Via: Shanaka Anslem Perera:

The world spent fifty years and hundreds of billions of dollars building Strategic Petroleum Reserves so that no geopolitical rupture could fully sever modern civilization from energy. The United States alone holds just over 400 million barrels of crude oil in salt caverns beneath the Gulf Coast. On March 11, 2026, the International Energy Agency authorized a record 400-million-barrel emergency release from member-country reserves, the largest coordinated drawdown in the Agency’s history. Energy insecurity has institutions, stockpiles, and doctrine.

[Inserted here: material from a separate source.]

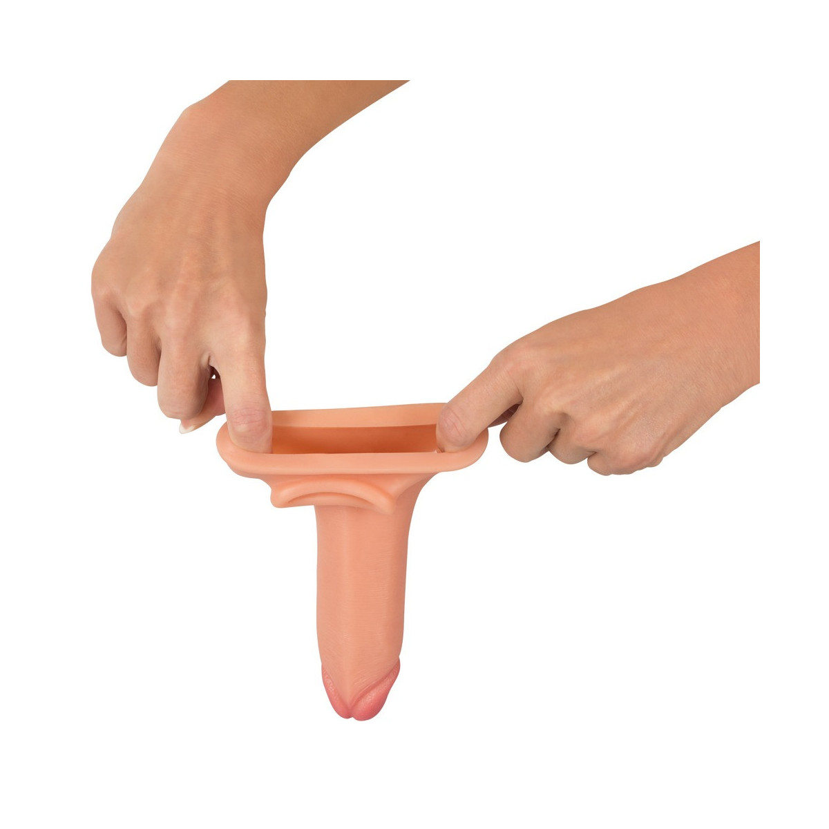 Guaina per il pene dal design naturale per ingrandire ed estendere il pene di 5 cm. La guaina realistica impressiona con il suo materiale particolarmente morbido e il glande pronunciato e le leggere venature sull'asta. Un'apertura per i testicoli fornisce una presa particolarmente sicura.
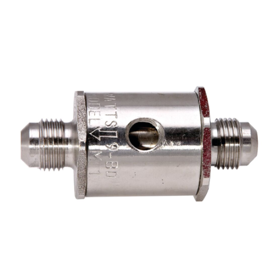 This 3/8 inch dual check vacuum breaker backflow preventer is designed for vending machine water supply lines to prevent the reverse flow of contaminates, such as carbon dioxide gas and carbonated water, from entering the potable water supply. It consists of a stainless steel body construction, rubber parts, dual check valves, ball check valve, and an atmospheric vent. It is designed for continuous pressure applications and complies with FDA food additive regulations. The maximum working pressure is 150 psi (10.3 bar).

Fertilizer insecurity does not.

No country appears to maintain a fertilizer reserve system remotely comparable in scale, doctrine, or strategic importance to the petroleum reserve architecture built after the oil shocks of the 1970s. Today’s policy response to the Hormuz crisis is not a nutrient reserve release. It is an improvised attempt to rebuild shipping and insurance capacity on the fly. This structural asymmetry, now exposed with violent clarity, may prove to be one of the most consequential oversights in the history of modern statecraft. The Strait of Hormuz, a 21-nautical-mile corridor of shallow water between Iran and Oman, does not merely carry twenty percent of the world’s oil. It carries a significant share of the molecular foundation underlying half the planet’s food supply.